> _Exercise requirements_
The material below has pictures in it. Set down only the lines from the line containing "さらに須佐さんは、伝統技術を" through the line containing "キャンセル量をコントロールす", word for word, and leave the pictures behind.

> _Data shown_
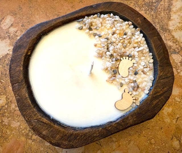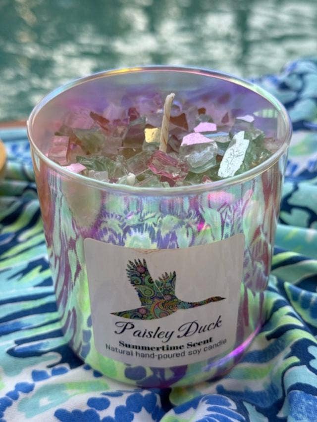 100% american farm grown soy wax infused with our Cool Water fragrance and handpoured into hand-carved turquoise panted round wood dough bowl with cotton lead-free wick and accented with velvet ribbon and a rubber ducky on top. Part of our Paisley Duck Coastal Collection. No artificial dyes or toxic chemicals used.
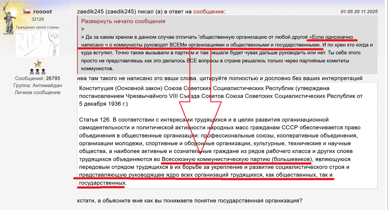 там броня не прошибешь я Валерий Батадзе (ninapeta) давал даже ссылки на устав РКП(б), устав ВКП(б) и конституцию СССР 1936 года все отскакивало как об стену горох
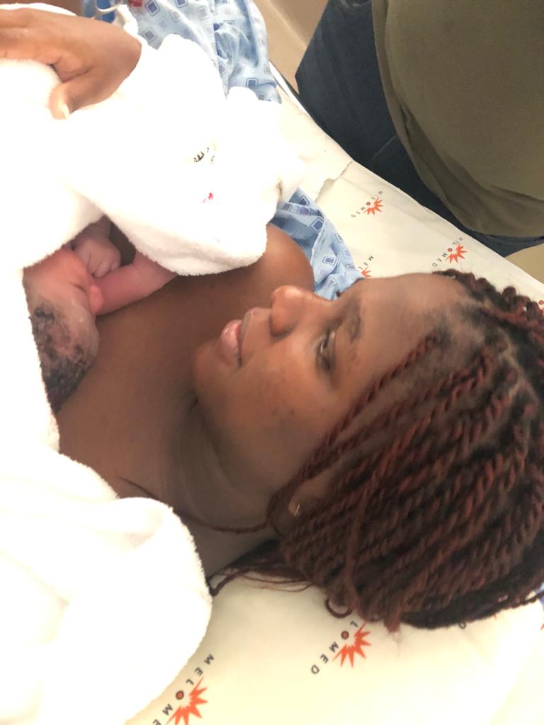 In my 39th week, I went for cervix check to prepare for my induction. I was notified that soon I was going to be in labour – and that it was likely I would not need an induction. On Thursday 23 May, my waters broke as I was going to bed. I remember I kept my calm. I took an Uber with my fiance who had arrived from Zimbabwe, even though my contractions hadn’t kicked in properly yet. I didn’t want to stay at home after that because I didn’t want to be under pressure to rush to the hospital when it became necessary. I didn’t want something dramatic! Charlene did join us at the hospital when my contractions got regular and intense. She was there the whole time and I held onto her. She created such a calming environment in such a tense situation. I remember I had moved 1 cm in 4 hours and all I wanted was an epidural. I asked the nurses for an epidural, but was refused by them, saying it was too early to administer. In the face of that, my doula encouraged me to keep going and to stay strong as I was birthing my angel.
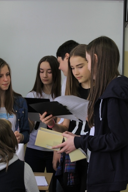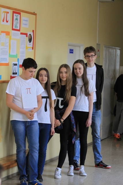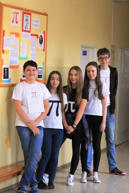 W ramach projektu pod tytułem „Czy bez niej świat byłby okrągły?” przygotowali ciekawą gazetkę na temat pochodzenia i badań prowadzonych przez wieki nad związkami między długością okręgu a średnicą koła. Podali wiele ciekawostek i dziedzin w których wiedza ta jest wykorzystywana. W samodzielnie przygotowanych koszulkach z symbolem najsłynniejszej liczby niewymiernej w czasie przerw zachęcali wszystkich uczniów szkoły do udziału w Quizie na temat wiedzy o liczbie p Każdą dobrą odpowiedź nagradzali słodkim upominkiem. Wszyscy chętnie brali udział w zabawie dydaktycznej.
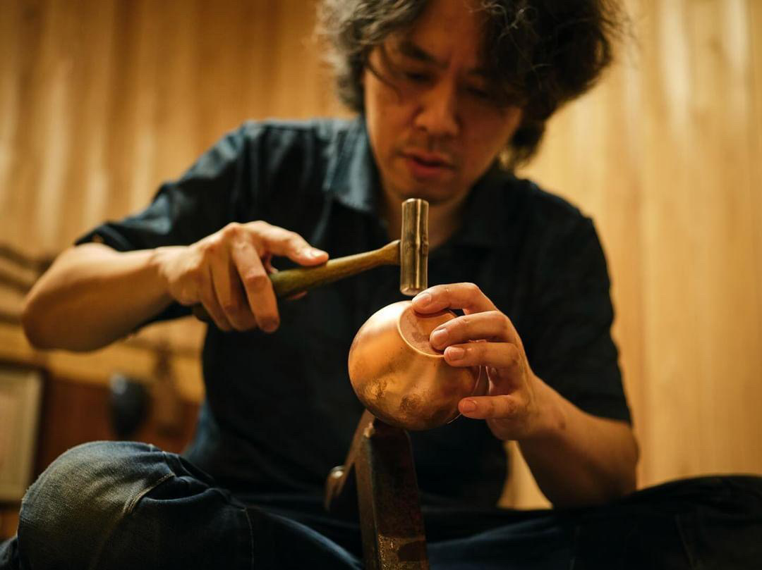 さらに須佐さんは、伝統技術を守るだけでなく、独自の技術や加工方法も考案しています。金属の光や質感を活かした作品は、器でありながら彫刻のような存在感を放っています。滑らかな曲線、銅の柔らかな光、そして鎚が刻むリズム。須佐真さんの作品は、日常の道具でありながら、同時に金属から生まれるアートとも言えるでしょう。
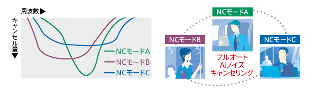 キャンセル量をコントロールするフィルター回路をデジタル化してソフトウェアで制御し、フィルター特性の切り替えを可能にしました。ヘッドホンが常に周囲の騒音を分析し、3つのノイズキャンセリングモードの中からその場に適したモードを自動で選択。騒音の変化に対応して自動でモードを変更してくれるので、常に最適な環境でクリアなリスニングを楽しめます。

* * *

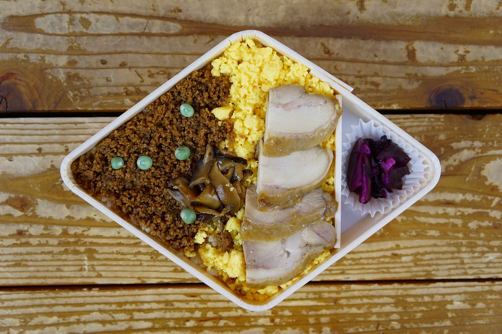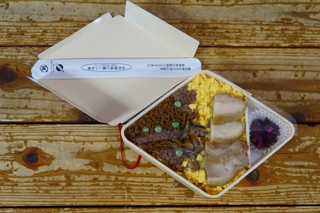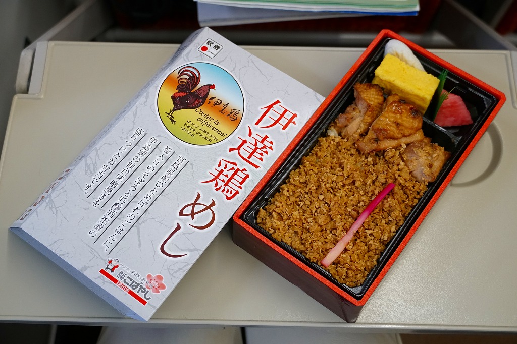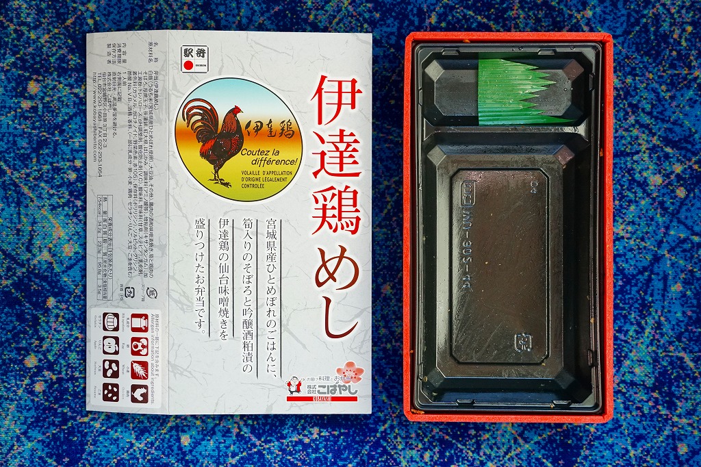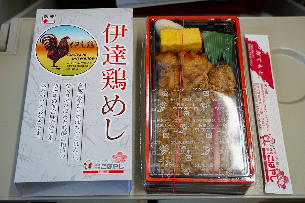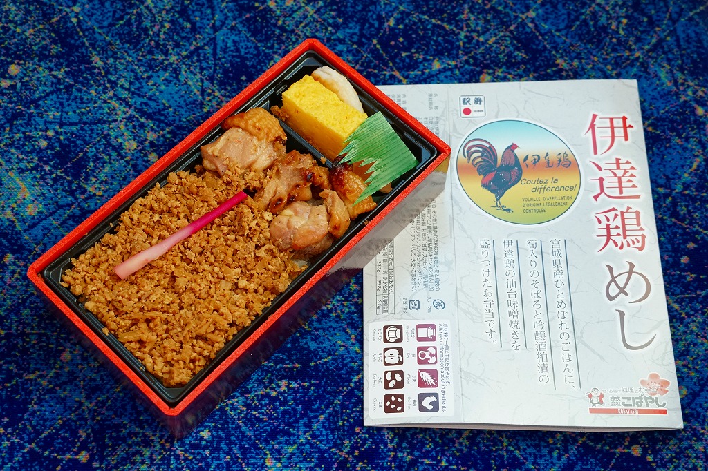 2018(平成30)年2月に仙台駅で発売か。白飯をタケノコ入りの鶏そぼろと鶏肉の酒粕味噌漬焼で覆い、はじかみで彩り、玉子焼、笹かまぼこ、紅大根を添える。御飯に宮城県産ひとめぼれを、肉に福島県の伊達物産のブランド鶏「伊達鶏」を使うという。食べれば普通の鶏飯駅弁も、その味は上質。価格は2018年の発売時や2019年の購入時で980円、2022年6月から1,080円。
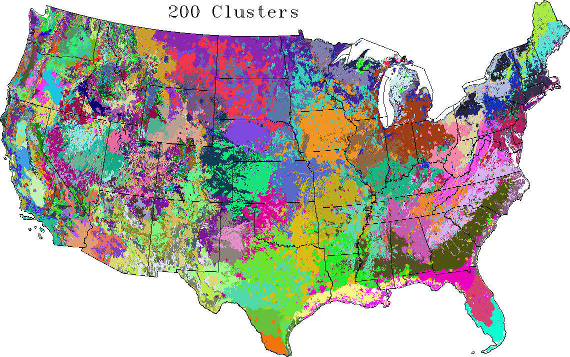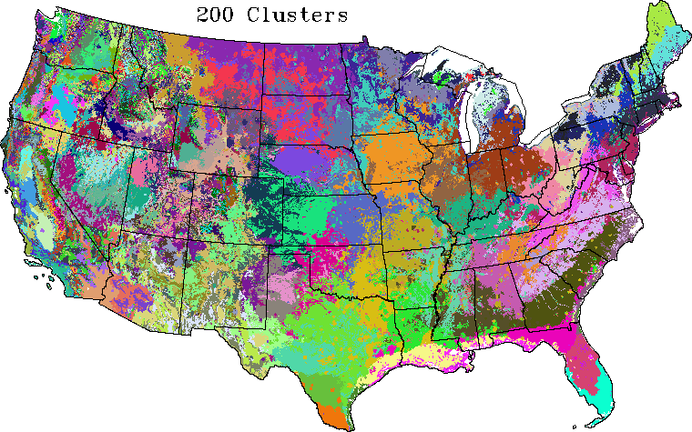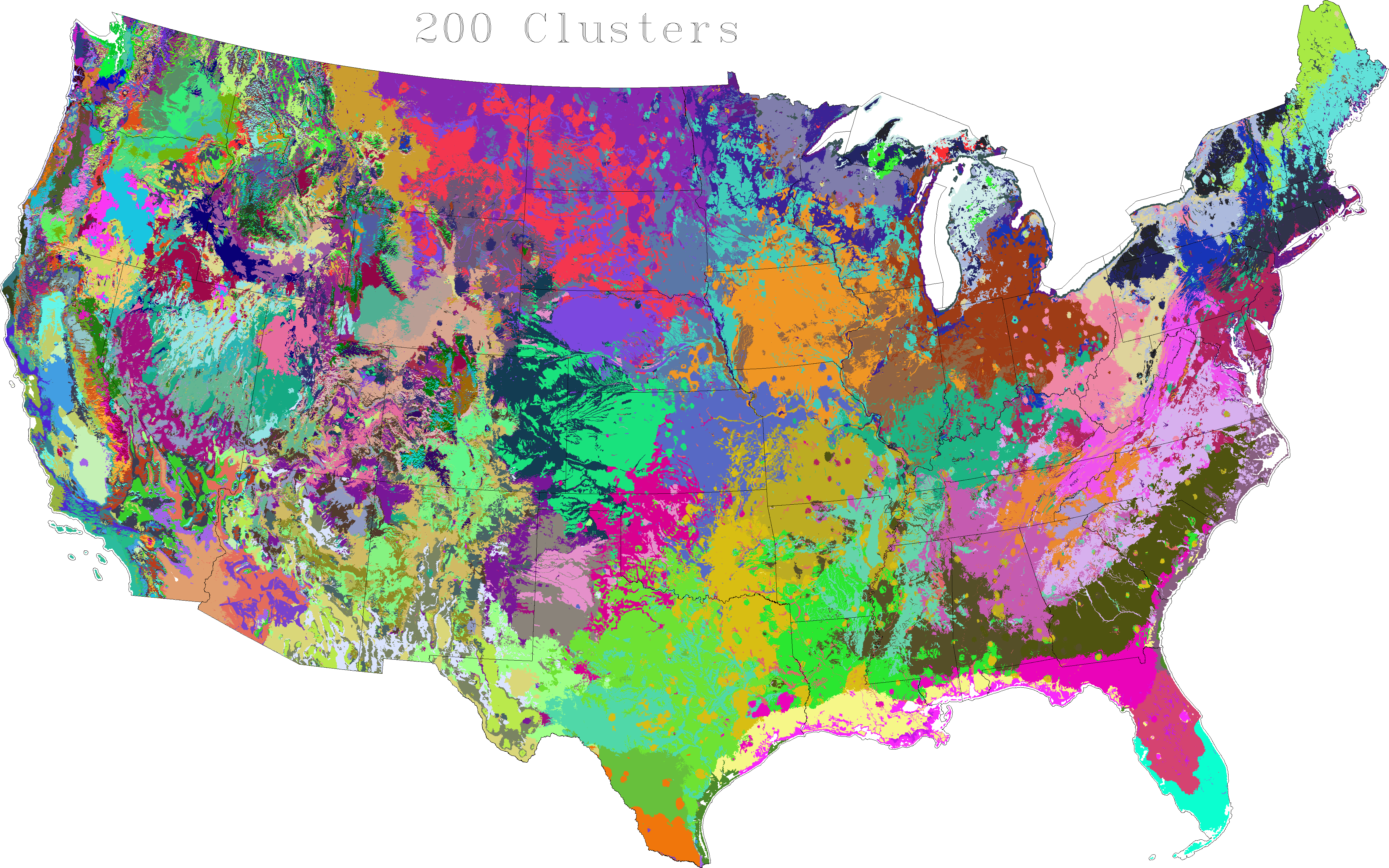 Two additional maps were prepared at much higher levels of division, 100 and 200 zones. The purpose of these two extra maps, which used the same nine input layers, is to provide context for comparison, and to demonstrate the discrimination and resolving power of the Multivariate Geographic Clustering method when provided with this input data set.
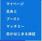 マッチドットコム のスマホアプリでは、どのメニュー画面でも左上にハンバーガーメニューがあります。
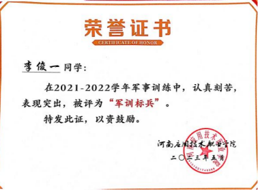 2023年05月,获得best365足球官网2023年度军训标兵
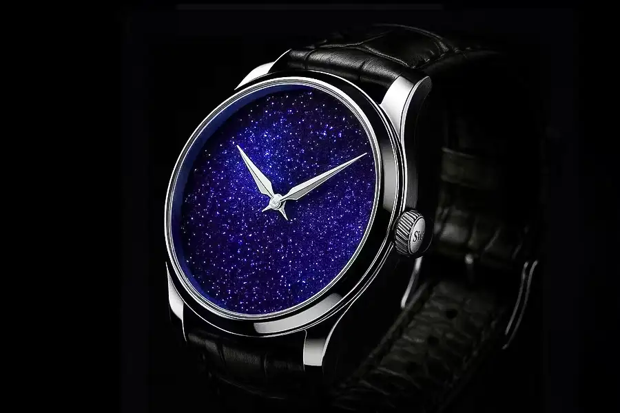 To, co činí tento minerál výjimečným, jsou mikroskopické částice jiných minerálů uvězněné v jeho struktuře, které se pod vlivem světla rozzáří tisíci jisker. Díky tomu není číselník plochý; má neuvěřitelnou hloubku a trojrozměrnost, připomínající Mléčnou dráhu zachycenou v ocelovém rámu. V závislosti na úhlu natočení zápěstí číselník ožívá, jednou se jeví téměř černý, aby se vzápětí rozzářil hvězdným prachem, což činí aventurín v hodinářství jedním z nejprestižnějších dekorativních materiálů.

> _Result_
 さらに須佐さんは、伝統技術を守るだけでなく、独自の技術や加工方法も考案しています。金属の光や質感を活かした作品は、器でありながら彫刻のような存在感を放っています。滑らかな曲線、銅の柔らかな光、そして鎚が刻むリズム。須佐真さんの作品は、日常の道具でありながら、同時に金属から生まれるアートとも言えるでしょう。
 キャンセル量をコントロールするフィルター回路をデジタル化してソフトウェアで制御し、フィルター特性の切り替えを可能にしました。ヘッドホンが常に周囲の騒音を分析し、3つのノイズキャンセリングモードの中からその場に適したモードを自動で選択。騒音の変化に対応して自動でモードを変更してくれるので、常に最適な環境でクリアなリスニングを楽しめます。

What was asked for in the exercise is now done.